• **What is expected**
No pictures belong in the copy, but every line of the material below must be reproduced exactly.

• **Available data**
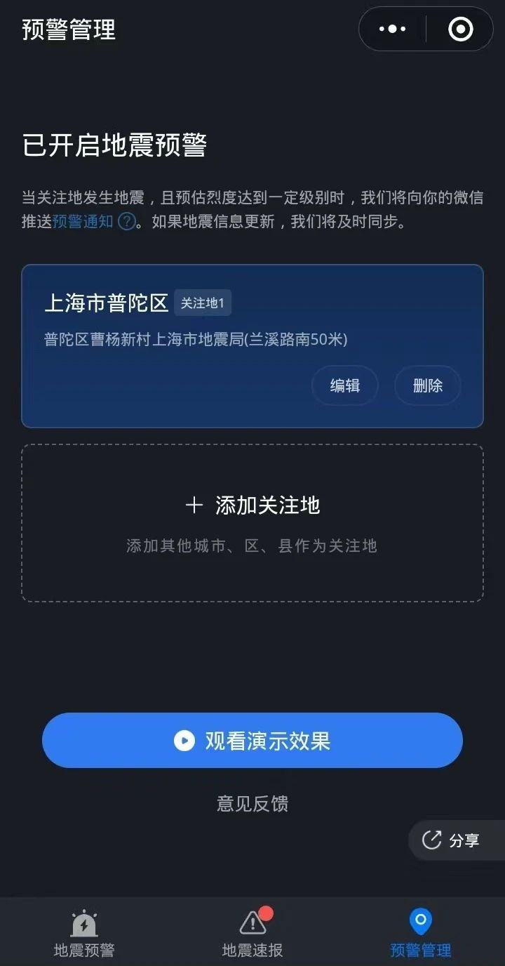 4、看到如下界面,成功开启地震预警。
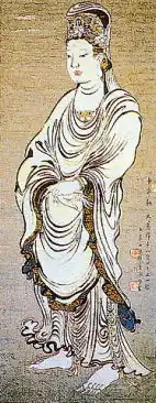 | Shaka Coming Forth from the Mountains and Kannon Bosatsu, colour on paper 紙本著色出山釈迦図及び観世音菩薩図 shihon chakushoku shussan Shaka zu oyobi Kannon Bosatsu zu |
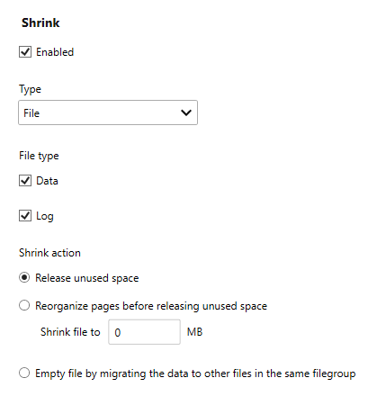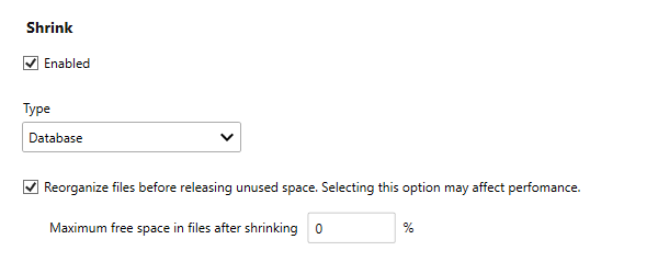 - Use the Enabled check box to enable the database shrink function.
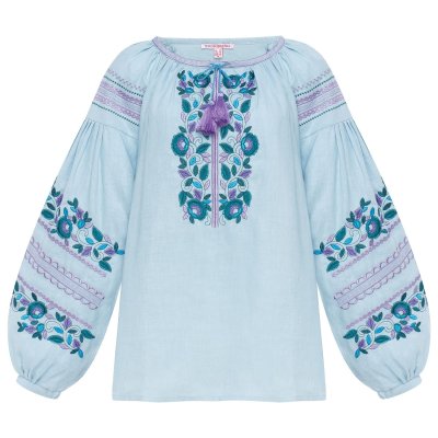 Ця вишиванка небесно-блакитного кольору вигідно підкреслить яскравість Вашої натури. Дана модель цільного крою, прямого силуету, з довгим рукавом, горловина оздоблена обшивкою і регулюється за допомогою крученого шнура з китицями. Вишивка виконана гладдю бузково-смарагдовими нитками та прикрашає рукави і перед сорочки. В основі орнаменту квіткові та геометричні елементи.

• **Exercise response**
 4、看到如下界面,成功开启地震预警。
 | Shaka Coming Forth from the Mountains and Kannon Bosatsu, colour on paper 紙本著色出山釈迦図及び観世音菩薩図 shihon chakushoku shussan Shaka zu oyobi Kannon Bosatsu zu |
 - Use the Enabled check box to enable the database shrink function.
 Ця вишиванка небесно-блакитного кольору вигідно підкреслить яскравість Вашої натури. Дана модель цільного крою, прямого силуету, з довгим рукавом, горловина оздоблена обшивкою і регулюється за допомогою крученого шнура з китицями. Вишивка виконана гладдю бузково-смарагдовими нитками та прикрашає рукави і перед сорочки. В основі орнаменту квіткові та геометричні елементи.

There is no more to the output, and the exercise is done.